BEGIN

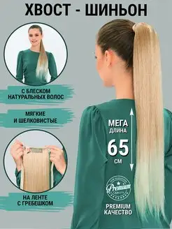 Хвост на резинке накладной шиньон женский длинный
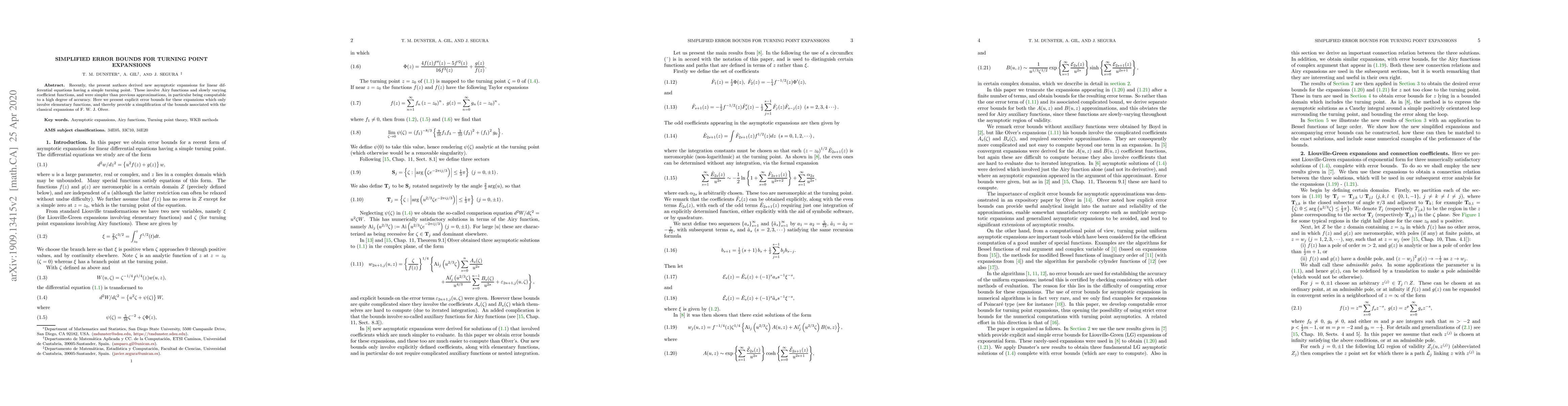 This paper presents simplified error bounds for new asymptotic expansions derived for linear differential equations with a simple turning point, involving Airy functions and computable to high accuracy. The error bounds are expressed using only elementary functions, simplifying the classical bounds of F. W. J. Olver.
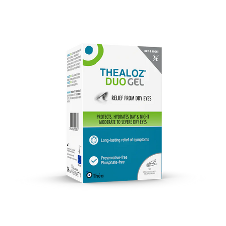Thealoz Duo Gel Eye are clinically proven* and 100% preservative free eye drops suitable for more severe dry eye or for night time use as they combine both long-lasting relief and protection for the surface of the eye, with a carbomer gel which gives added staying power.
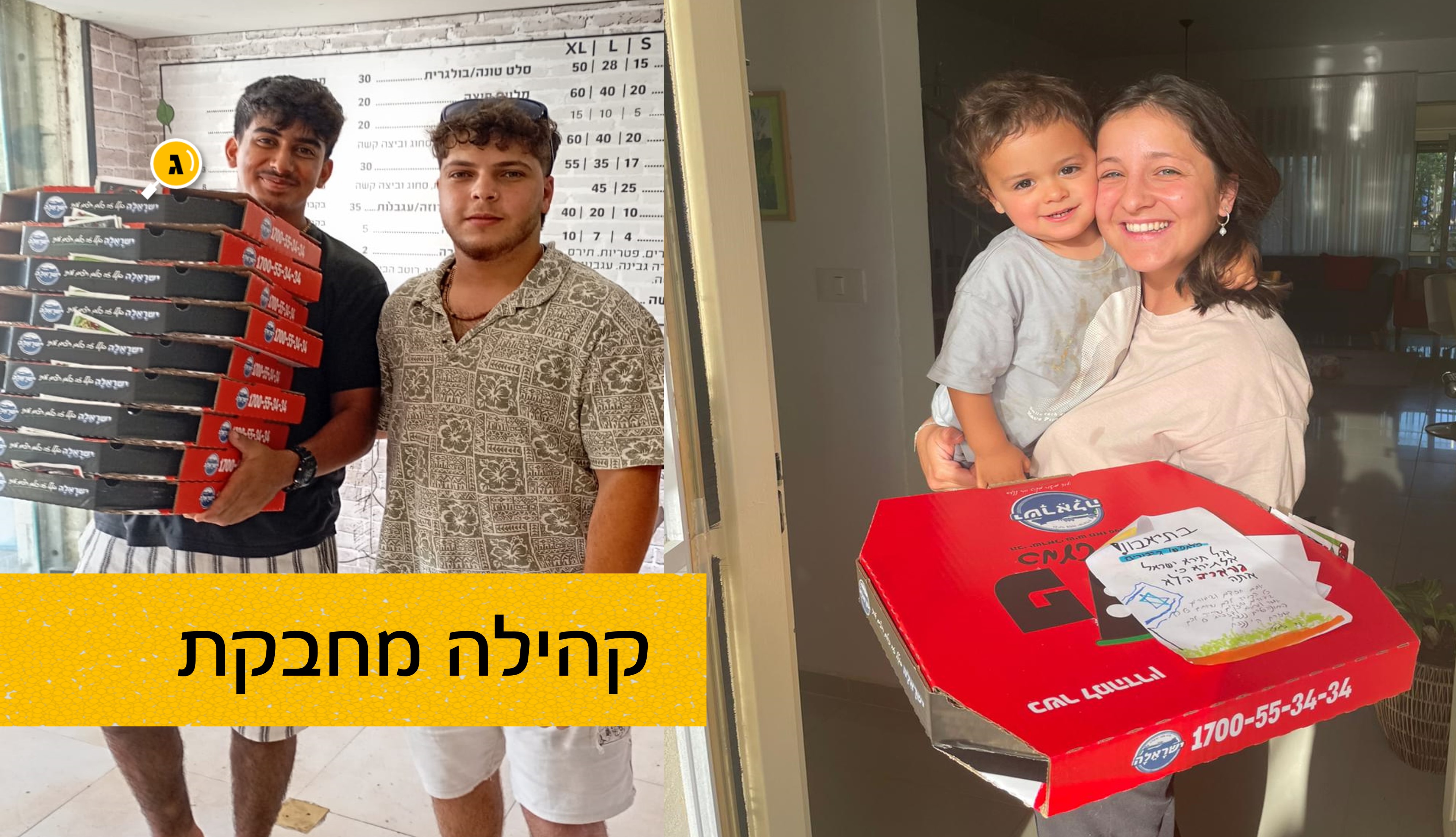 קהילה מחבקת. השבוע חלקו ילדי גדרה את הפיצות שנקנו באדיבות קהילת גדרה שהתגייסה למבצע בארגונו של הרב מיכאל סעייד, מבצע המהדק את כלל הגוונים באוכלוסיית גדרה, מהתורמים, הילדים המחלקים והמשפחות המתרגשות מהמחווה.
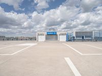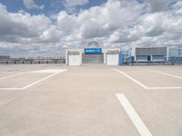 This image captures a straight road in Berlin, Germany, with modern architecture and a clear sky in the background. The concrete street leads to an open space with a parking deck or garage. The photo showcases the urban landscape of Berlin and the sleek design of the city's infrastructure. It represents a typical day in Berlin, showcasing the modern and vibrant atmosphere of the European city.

END
BEGIN

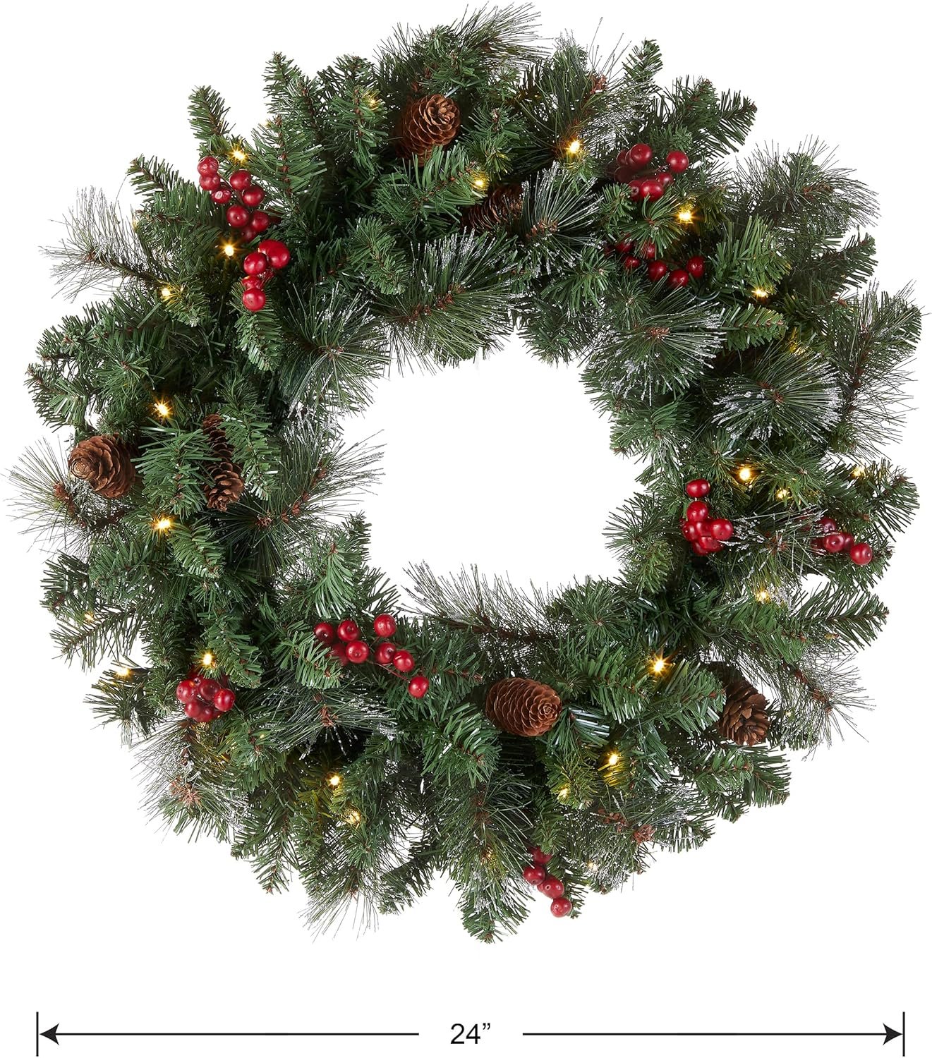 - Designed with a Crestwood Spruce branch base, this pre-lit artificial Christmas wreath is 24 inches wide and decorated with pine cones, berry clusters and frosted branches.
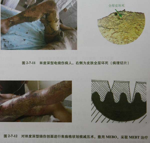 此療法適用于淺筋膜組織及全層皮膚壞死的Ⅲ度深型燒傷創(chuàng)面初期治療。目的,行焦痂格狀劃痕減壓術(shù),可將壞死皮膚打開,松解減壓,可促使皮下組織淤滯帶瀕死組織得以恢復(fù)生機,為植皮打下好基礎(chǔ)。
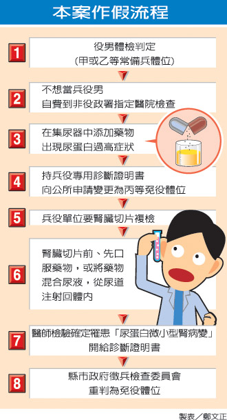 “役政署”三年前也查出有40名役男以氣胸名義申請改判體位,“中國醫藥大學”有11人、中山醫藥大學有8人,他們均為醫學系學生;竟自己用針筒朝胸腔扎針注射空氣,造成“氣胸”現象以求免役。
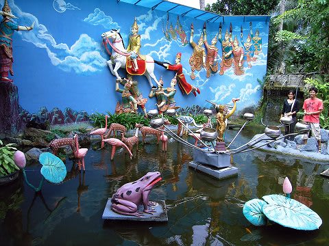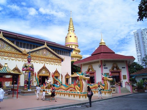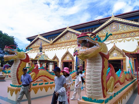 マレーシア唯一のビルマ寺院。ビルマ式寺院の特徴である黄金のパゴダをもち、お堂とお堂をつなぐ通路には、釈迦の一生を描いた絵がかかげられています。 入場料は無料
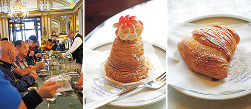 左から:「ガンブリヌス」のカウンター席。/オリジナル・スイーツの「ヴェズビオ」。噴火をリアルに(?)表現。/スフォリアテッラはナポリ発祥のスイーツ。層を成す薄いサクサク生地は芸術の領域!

END
BEGIN

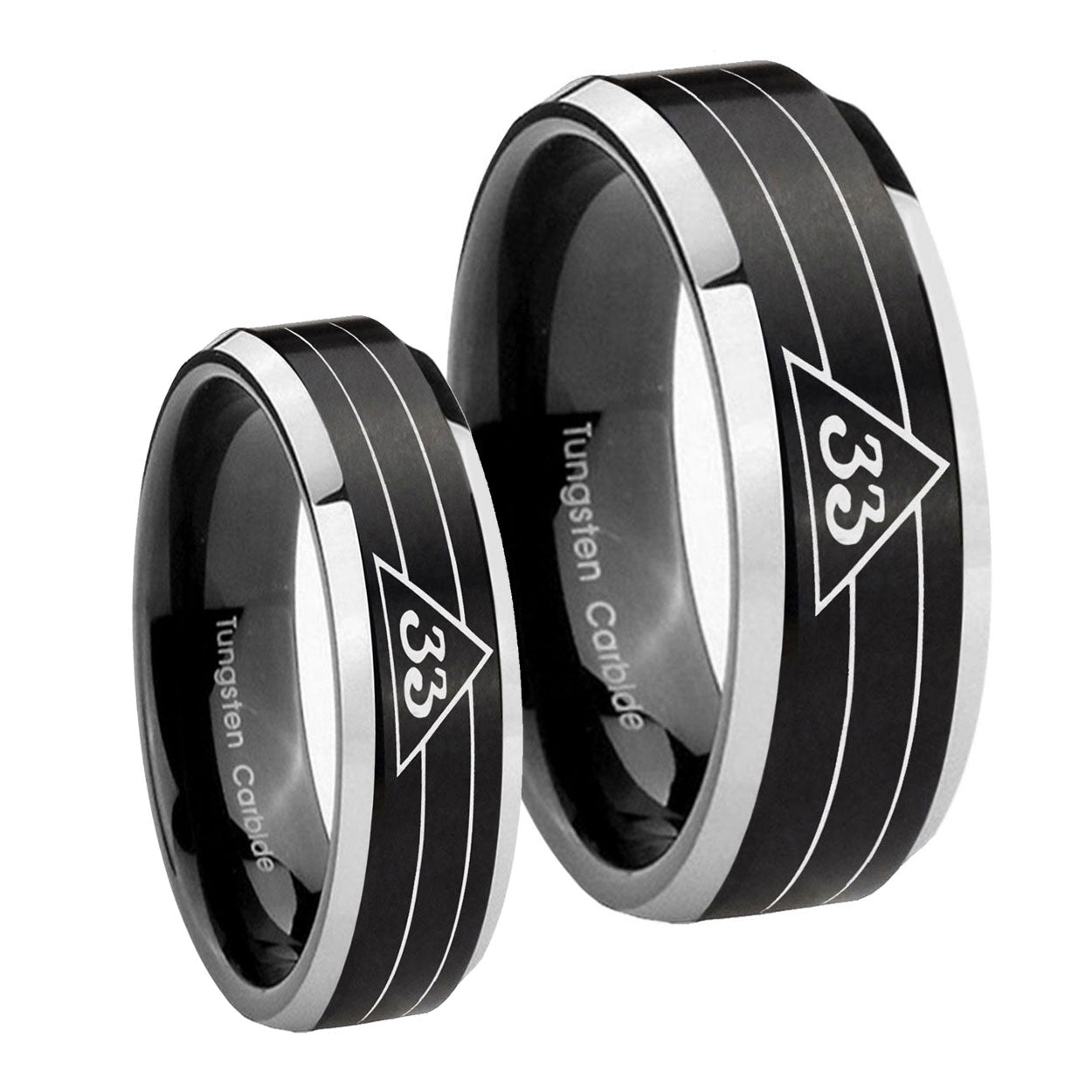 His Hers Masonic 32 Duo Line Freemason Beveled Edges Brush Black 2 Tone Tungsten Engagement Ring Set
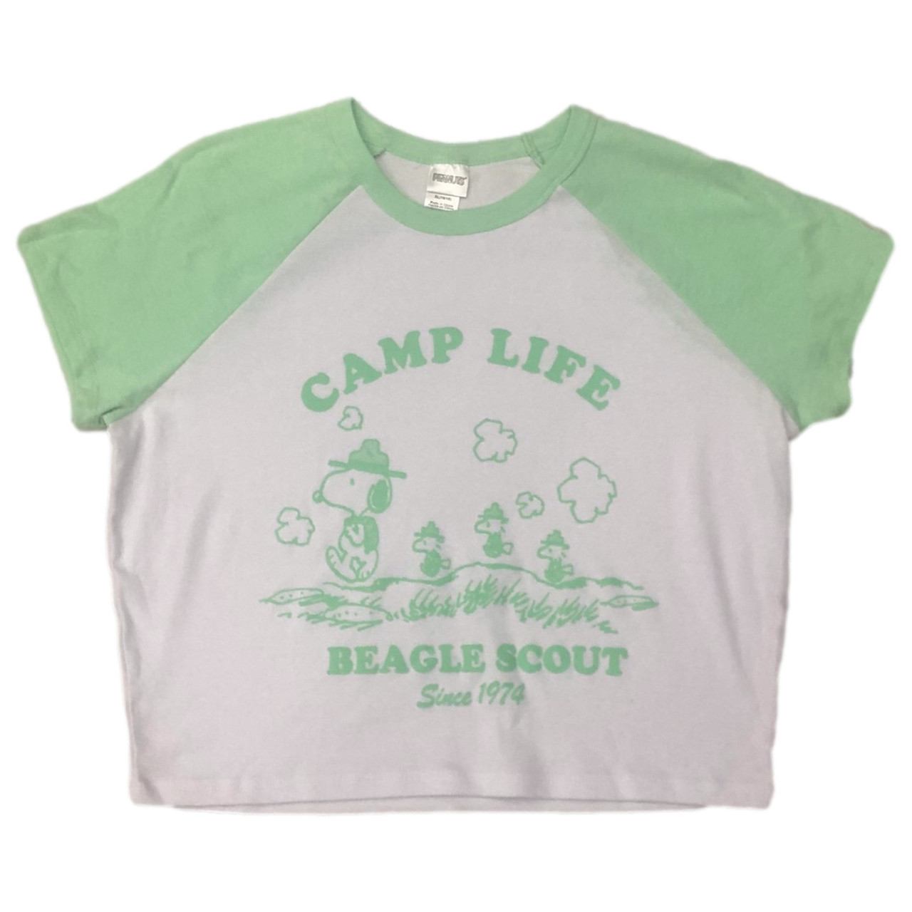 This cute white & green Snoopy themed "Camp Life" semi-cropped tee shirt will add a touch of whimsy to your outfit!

END

• **What is required**:
What you return must match the lines above from the one with "Хвост на резинке" through the one with "Thealoz Duo Gel" exactly, with both ends included and the pictures excluded.

• **Exercise answer**:
 Хвост на резинке накладной шиньон женский длинный
 This paper presents simplified error bounds for new asymptotic expansions derived for linear differential equations with a simple turning point, involving Airy functions and computable to high accuracy. The error bounds are expressed using only elementary functions, simplifying the classical bounds of F. W. J. Olver.
Thealoz Duo Gel Eye are clinically proven* and 100% preservative free eye drops suitable for more severe dry eye or for night time use as they combine both long-lasting relief and protection for the surface of the eye, with a carbomer gel which gives added staying power.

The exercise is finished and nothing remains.